В отведенный для личных нужд час перед отбоем народ обживал палатки, как свиньи берлогу, а я провел время в душе в ожидании теплой воды. Холодный и злой, я напоролся на еще один сюрприз в виде ссущего наказания в моем углу на возвышенности. Это ссыкло, устроившее сортир прямо в палатке, оказалось похлеще дементных дедков из больницы "Рамбам". Во всяком случае, его струя была похлеще. Фигеющий народ только сделал удивленные движения руками: ну что с ним сделаешь? Еще один прокол в моих предусмотрительных планах. Убить писающего мальчика мне не дали. Прибежал сержант и выгнал всех "Ильичей" нах из шалаша, а уссавшегося товарища выволок на разборки с майором. Больше мы его не видели – наверное, перевели, но хочется верить, что зарыли живьем этот ходячий биотуалет.

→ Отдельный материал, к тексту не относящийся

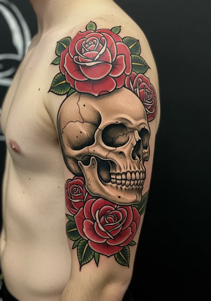 I really love how this tattoo feels both tough and beautiful at the same time. The skull brings that edgy, fearless vibe while the roses add softness and a touch of romance. It s such a gorgeous way to play with opposites. The clean lines and color work make the whole design feel polished and powerful. I honestly think this is the kind of tattoo that never goes out of style.

Все оставшиеся, кроме меня, дружно поржали над идиотом. Но в какой-то момент другому придурку не выписанная моча ударила в голову, и он решил протереть горящую лампочку влажной тряпкой – чтобы светлее стало. Тут-то его током и полегчало, а мы остались без света на ближайшую неделю. К моему хмурому лицу добавилась еще пятерка рыл.
Офицеры в отбой ложились спать вместе с солдатами, а утром учили опрятности внешнего вида и культуре. Без этого никак, потому что иногда вообще поражаешься, что у людей целых десять пальцев на руках и только две ноздри. Да и надо же научить дебилов правильно сморкаться и не пердеть в строю во весь голос. В принципе, это делать не запрещается, но запрещено в это время двигаться и смеяться. Смеяться хочется всем, а двинуться – "виновнику". Смех – это хорошая панацея, но не в строю... да и при поносе тоже отставляет свой след.
Я же почти не смеюсь – выработал такой имидж: туповатый русский без чувства юмора с плохим пониманием иврита и с мгновенно пробуждающейся агрессией. Если Бог создал такого меня по образу и подобию своему, то ему еще надо очень много работать над собой. Дважды чуть не подрался с самыми наглыми. Одному даже порвал цепочку с личным номером, когда схватил за отворот рубашки в, якобы, порыве гнева. Случайно, конечно, но зато меня теперь побаиваются. Может, я и без тормозов, но на начальство не наезжаю, веду себя тихо по принципу вжившегося в образ: "НЕТ трогать – НЕТ проблема! Водка пить, земля валяться!"
Но иногда все же тяжело сдержаться от улыбки в период всеобщей озабоченности. Нашего сержанта за глаза прозвали "Чё-за-фигня!", так как это его любимая фраза, и он употребляет ее по поводу и без. Как и многие, я уже не могу спокойно без смеха слышать его грозный голос, ориентированный, видимо, на запугивание "зелени". Когда он гневно толкает речь о том, что завтра может случиться война или какое другое мероприятие, многие стараются на него не смотреть и, желательно, не слушать, чтобы не заржать. Это невнимание бесит его еще больше, и, переходя на крик, он срывается: "Я для кого тут попугаем каркаю? Займитесь самодисциплиной или ею займусь я!"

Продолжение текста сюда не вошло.